Abstract

Dear Editor,
We read with great interest the review by Pontoh et al., which comprehensively presents the expanding role of artificial intelligence in orthopaedic research from preclinical development to clinical application. 1 The authors should be commended for clearly outlining the technological advances and future potential in this rapidly evolving field. However, a critical point that is not sufficiently emphasized in the review is the physician’s holistic evaluation process between diagnosis and treatment decision. This is because, in orthopaedic surgery, there is a clear difference between identifying a pathological finding and translating this finding into a surgical indication, where clinical judgment plays a key role.
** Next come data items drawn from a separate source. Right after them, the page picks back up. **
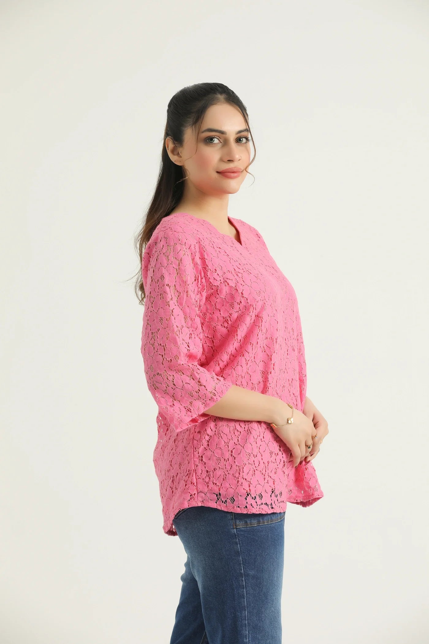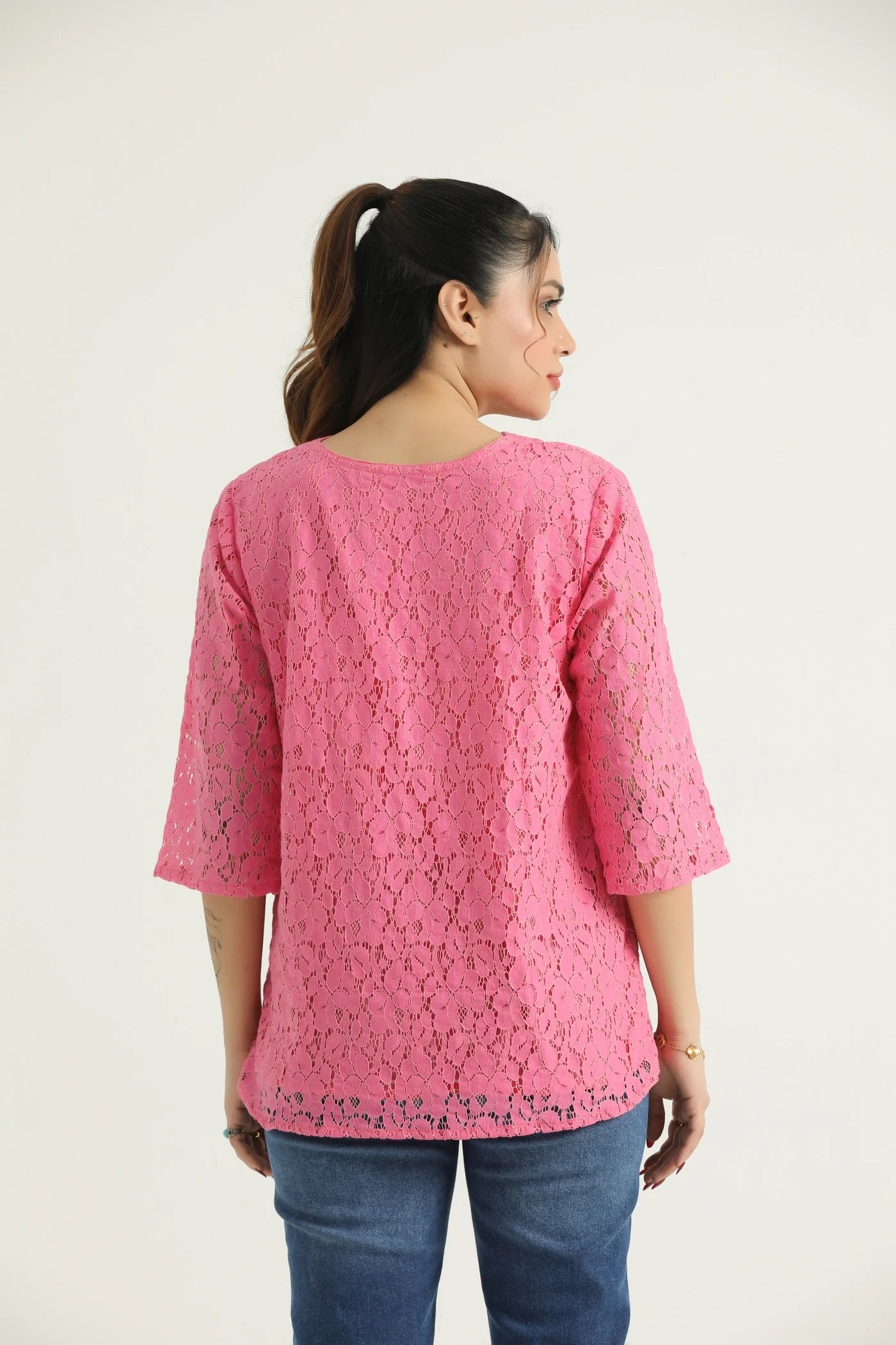 Vibrant lace top designed with underlining attached that provides full coverage while maintaining the delicate transparency of lace. Elegant elements that strike the perfect balance between feminine detail and everyday wear ability.
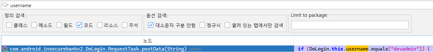 앞서 설명한 검색 방법으로 `username`을 검색하게 되면 `devadmin`이라는 username이 하드코딩되어 사용되는 것을 확인할 수 있다. 더블클릭하여 자세한 내용을 확인해보자.
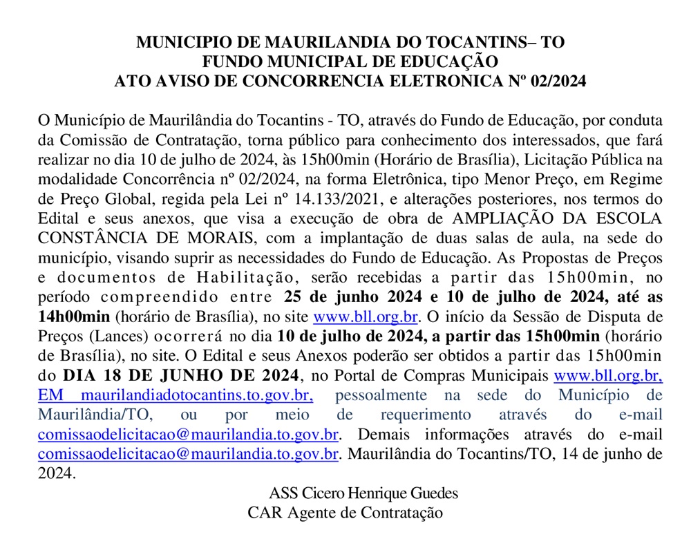 Publicidade Publicidade Geral MAURILÂNDIA DO TOCANTINS – FUNDO MUNICIPAL DE EDUCAÇÃO – AVISO DE CONCORRÊNCIA ELETRÔNICA Nº 02/2024 By Folha do Bico 17 de junho de 2024 0 60 Share WhatsAppPrintTelegramFacebookTwitterCopy URL Folha do Bico Noticias Relacionadas Recorte Automático de Vídeo para uma Edição Multiformato Sem Esforço 5 de dezembro de 2025 PREFEITURA DE MAURILÂNDIA DO TO – ATO AVISO DE CONCORRÊNCIA ELETRÔNICA Nº 06/2025 – REPUBLICAÇÃO 2 de dezembro de 2025 PREFEITURA DE MAURILÂNDIA DO TO – ATO AVISO DE CONCORRÊNCIA ELETRÔNICA Nº 05/2025 – REPUBLICAÇÃO 2 de dezembro de 2025 Share WhatsAppPrintTelegramFacebookTwitterCopy URL Previous articleXAMBIOÁ: UB e PSDB fecham apoio à pré-candidatura de Mayck CâmaraNext articleMAURILÂNDIA DO TOCANTINS – PREFEITURA MUNICIPAL – ATO AVISO DE PREGÃO ELETRÔNICO Nº 01/2024 - Advertisement - - Advertisement - Ultimas noticias STF derruba afastamento de Wanderlei Barbosa e governador reassume mandato 5 de dezembro de 2025 AUGUSTINÓPOLIS: Acender das Luzes celebra 4ª edição da Magia do Natal com espetáculo especial nesta sexta-feira 5 de dezembro de 2025 44 mil famílias sem casa. Enquanto isso, a política do Tocantins segue repetindo promessas que nunca saem do papel 5 de dezembro de 2025 AUGUSTINÓPOLIS: Comunidade celebra a chegada do período natalino com cores, música e emoção 5 de dezembro de 2025

Although radiological or biomechanical abnormalities can be clearly defined, the indication for intervention is often shaped by patient-specific factors such as comorbidities, functional expectations, socioeconomic conditions, and overall risk tolerance. It has been shown that even when radiological alignment is acceptable for nonoperative treatment according to established guidelines in distal radius fractures, there is significant variation in treatment decisions among surgeons. 2 This shows that clinical decisions cannot be fully standardized and may vary even when objective criteria are met. These differences reflect the multidimensional nature of clinical decision-making and highlight the important role of both patient and surgeon specific factors.
Current artificial intelligence models are highly effective in pattern recognition and prediction. However, they are inherently limited in capturing the complex context in which clinical decisions are made. The balance between what is technically possible and what is clinically appropriate for an individual patient requires multidimensional clinical judgment. This process is shaped by years of surgical experience and clinical knowledge. This difference is especially important in orthopaedic surgery where indications are not clearly defined and where clinical benefit must be carefully balanced against procedural risk.
As Bernstein noted, the value of an orthopaedic surgeon lies not only in processing information or imaging but also in determining indications through physical examination and applying this knowledge in practice. 3 An algorithm may identify a radiological pathology with high accuracy, but it cannot examine the patient or assess physical findings. At the same time, increasing direct access of patients to artificial intelligence tools may create medico-legal pressure on physicians, as responses generated without clinical context may influence clinical judgment. This may lead to new discussions on malpractice and responsibility in the future. Therefore, it is essential that artificial intelligence outputs do not replace final clinical decisions and that responsibility remains with the physician.
In this context, artificial intelligence-based decision support systems should complement rather than replace clinical judgment. As highlighted by Topol, the integration of artificial intelligence in medicine should strengthen, not weaken, the physician-patient relationship. 4 Preserving the individualized nature of surgical indication is essential for maintaining patient-centered care.
We congratulate the authors for their valuable contribution and believe that emphasizing these points will further strengthen the translational perspective of artificial intelligence in orthopaedics.